What actually happens is that the input bias currents will flow through the coupling capacitor, charging it, until the common-mode voltage rating of the amplifier’s input circuit is exceeded or the output is driven into limits. Depending on the polarity of the input bias current, the capacitor will charge up toward the positive supply voltage or down toward the negative supply. The bias voltage is amplified by the closed-loop dc gain of the amplifier.

This process can take a long time. For example, an amplifier with a field-effect-transistor (FET) input, having a 1-pA bias current, coupled via a 0.1-μF capacitor, will have a charging rate, I/C, of 10–12/10–7 = 10 μV/s, or 600 μV per minute. If the gain is 100, the output will drift at 0.06 V per minute. Thus, a casual lab test (using an ac-coupled scope) might not detect this problem, and the circuit will not fail until hours later. Obviously, it is very important to avoid this problem altogether. Figure 2. Correct method for ac coupling an op-amp input for dual-supply operation.

Figure 2 shows a simple solution to this very common problem. Here, a resistor is connected between the op-amp input and ground to provide a path for the input bias current. To minimize offset voltages caused by input bias currents, which track one another when using bipolar op amps, R1 is usually set equal to the parallel combination of R2 and R3.

Note, however, that this resistor will always introduce some noise into the circuit, so there will be a trade-off between circuit input impedance, the size of the input coupling capacitor needed, and the Johnson noise added by the resistor. Typical resistor values are generally in the range from about 100,000 ohm to 1 Mohm.

A similar problem can affect an instrumentation amplifier circuit.
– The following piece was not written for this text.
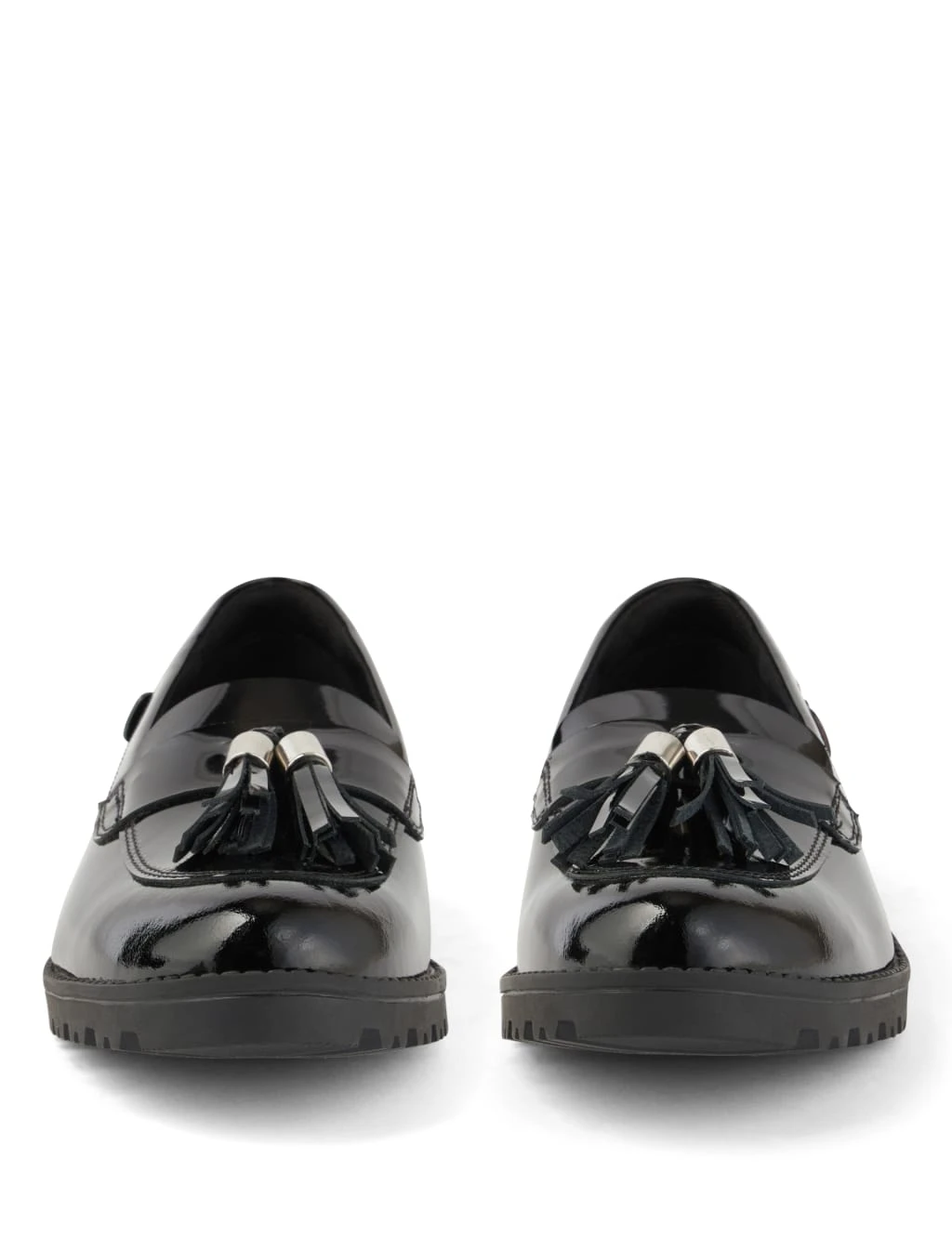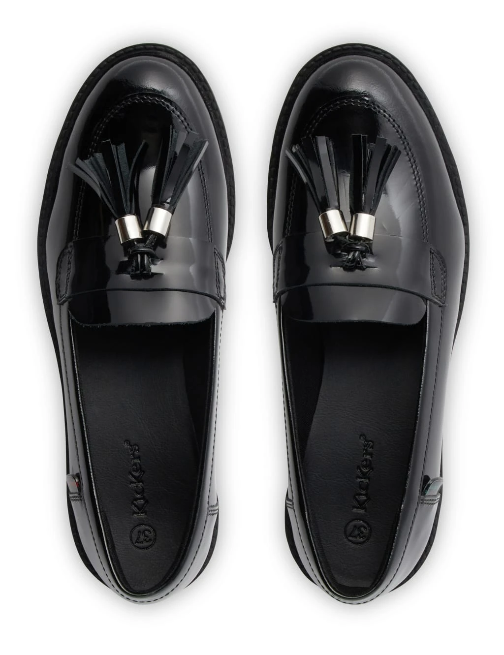 These patent leather loafers from Kickers put a high-shine spin on a classic shoe. Designed in a standard slip-on fit, they have the trademark chunky sole with comfortable padded collars. Tassel detailing and metallic hardware on the upper provide a traditional touch, alongside the brand’s signature tab.

Figure 3 shows in-amp circuits that are ac-coupled using two capacitors, without providing an input-bias-current return path. This problem is common with instrumentation amplifier circuits using both dual- (Figure 3a) and single (Figure 3b) power supplies.

The problem can also occur with transformer coupling, as in Figure 4, if no dc return path to ground is provided in the transformer’s secondary circuit.

Simple solutions for these circuits are shown in Figure 5 and  Figure 6. Here, a high-value resistance (RA, RB) is added between each input and ground. This is a simple and practical solution for dual-supply in-amp circuits. Figure 5. A high-value resistor between each input and common supplies the necessary bias-current return path. a. Dual supply. b. Single supply.

The resistors provide a discharge path for input bias currents. In the dual-supply example of Figure 5a, both inputs are now referenced to ground. In the single-supply example of 5b, the inputs may be referenced either to ground (VCM tied to ground) or to a bias voltage, usually one-half the maximum input voltage range.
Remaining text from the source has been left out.